I am more and more frequently being asked by companies to take a look at their choices for their marketing technology. Because these are large companies, they usually have a mishmosh of platforms that they have mixed and matched to create some semblance of order. Often they have multiple content management systems in different parts of the business. They all have a strategy. But I often don’t see clarity within that strategy.
With few exceptions, your goal should be to have a sole source strategy or a best-in-class strategy.
A sole source strategy says that, wherever possible, you will use the marketing stack components from a single vendor. Adobe is the one that usually wins these shoot-outs, at least at the moment, but you can pick whichever vendor seems to work for you. The benefits are that the vendor does the integration work between the components. The best vendors provide functions that are difficult or impossible when you roll your own stack.
A best-in-class strategy, on the other hand, means that you will always choose the best component for each part of the stack, no matter where it is from. Yes, your integration costs are higher, but the advantage is that you are always able to move to the next big thing and you are not held hostage by a single vendor on pricing.
Which strategy is better? I am a consultant, so it depends. That’s one of the reasons they ask me to take a look. But the point I am making is that it makes sense to pick one of these strategies or the other.

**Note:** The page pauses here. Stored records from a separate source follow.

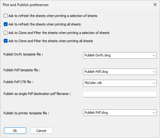 Publish Pdf CTB file - When publishing a set of sheets to a single PDF file through Right-clicking or the Printing all sheets method, this CTB file will be used. These 2 publishing methods do not ask for the CTB file so this is the only place where the choice can be changed.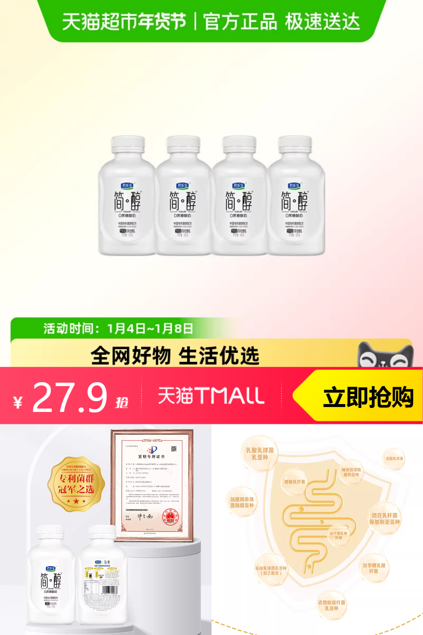 【活动价68.9-官方立减34-7淘客券-88vip1.4-淘金币2.68,猫超直播间可领取199-20品类券,还凑消费券200-25,到手17.87四瓶,折算4.4一大瓶】健康的味蕾体验,它都有!四盒430g装,一次性满足你的口感与健康。
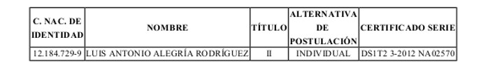 1º.- Exclúyase de las nóminas de postulantes seleccionados para el goce del Subsidio Habitacional correspondiente al Tercer Llamado Nacional 2012, a don Luis Antonio Alegría Rodríguez, Cédula de Identidad Nº 12.184.729-9, a favor de quien se extendió el respectivo Certificado de Subsidio Habitacional, que en dicho considerando se señala y déjase sin efecto su Certificado de Subsidio Habitacional.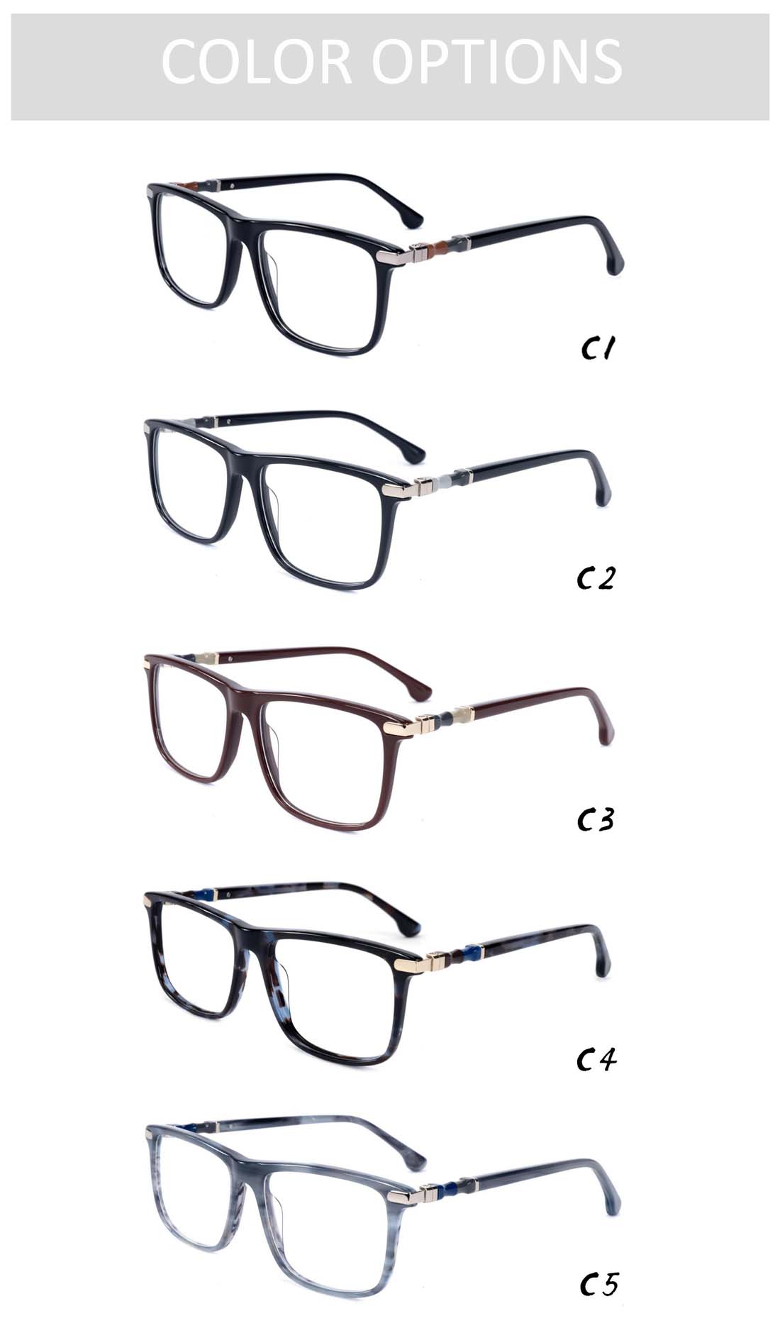 Gd Classic Square Gafas Factory Supply Acetate Optical Frame With Metal Temple Eyewear Men Acetate Eyewear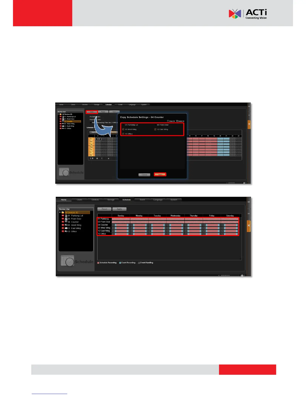 multiple devices. After creating a schedule for one device, you can copy it to other cameras.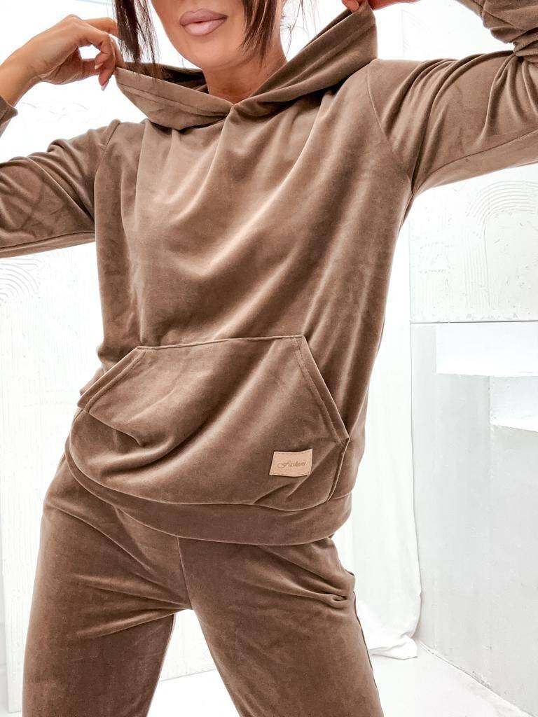 WELUROWY KOMPLET DRESOWY SPODNIE+ BLUZA Z KAPTUREM- BRĄZOWY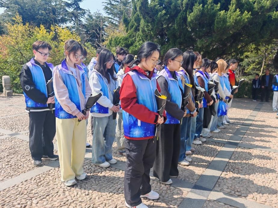 上午10时,全体同学在烟台山抗日烈士纪念碑前整齐列队、神情庄重,在主持人引导下齐声奏唱中华人民共和国国歌。随后,学生代表依次向纪念碑敬献花束,全体人员垂首默哀一分钟,以最诚挚的敬意,悼念为民族解放与人民幸福英勇献身的革命先烈。默哀毕,全体师生向革命先烈行三鞠躬礼,在庄重肃穆的仪式中寄托哀思,深刻感悟红色精神的时代内涵与使命担当。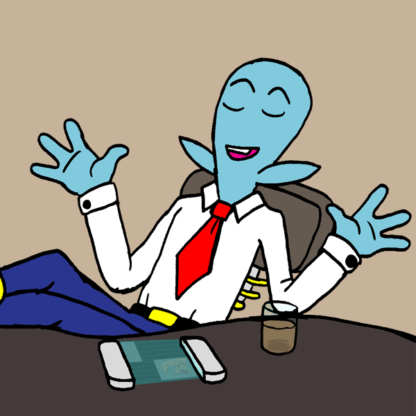 :bea: "Excuse my employer, mrs Sl'ur'Ga'zz. He likes to joke."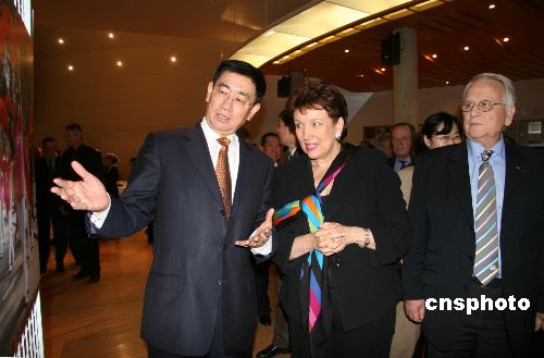 11月7日晚,由中国驻法使馆和法国奥委会共同主办的“北京欢迎您”迎奥运图片展,在巴黎法国奥委会总部、法兰西运动之家隆重开幕。旅法华人社团侨领等各界人士约400人出席了开幕仪式。图为中国驻法大使赵进军和法国卫生、青年与体育部长巴舍洛-纳尔坎女士,法国奥委会主席塞朗杜尔参观图片展。中新社发 钟诚 摄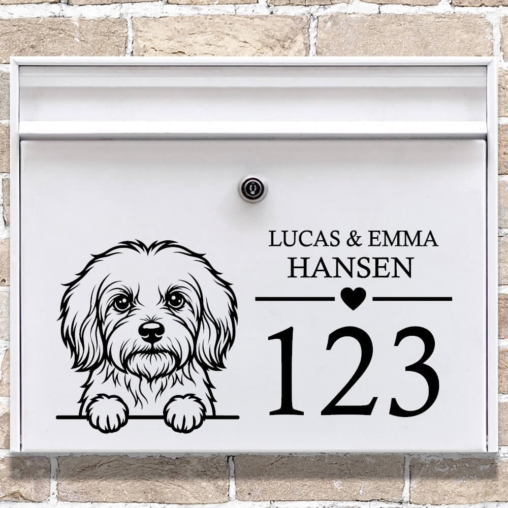 Postkasse sticker med Bichon Havanais og navn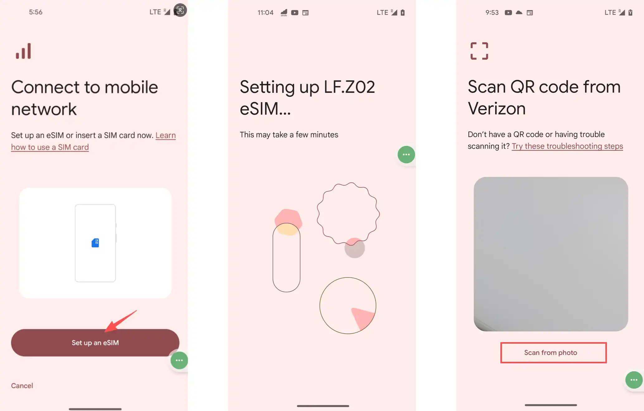 2. Click "Set up eSIM" to go to the "Scan Verizon QR code" page, and then click "Scan from photo."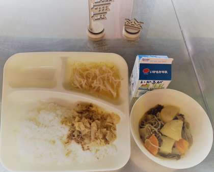 5月はタケノコのおいしい季節です。今日は、かつお節とゴマをあわせて炒めたメニューです。かつお節は、必須アミノ酸を豊富に含んでおり、発酵食品でもあります。タケノコの食物繊維とともに整腸作用が期待されるおいしい献立です。

So far, so good. The problem is that I rarely see that kind of strategic clarity. What I usually see is that one vendor has a few components and you’ve mixed and matched the rest. Each time, you have a really good reason. It could be that you have been using a component for years and it works fine. It could be that you tried to have a best-in-class strategy but that your components got bought up by sole source vendors. It could bet that you haven’t really paid attention to either strategy, and just send out an RFP when a component gets long in the tooth.
Whatever the reason, it makes it hard to execute when you don’t have a strategy. Or when you don’t execute it. But I see lots of folks spending the time and money to integrate components that aren’t really best-in-class, and using most of the components for one vendor while missing the few key ones that actually make the single source approach worth it.
Taking the time to think through your approach makes all the difference, and execution of that approach is what delivers the return on investment.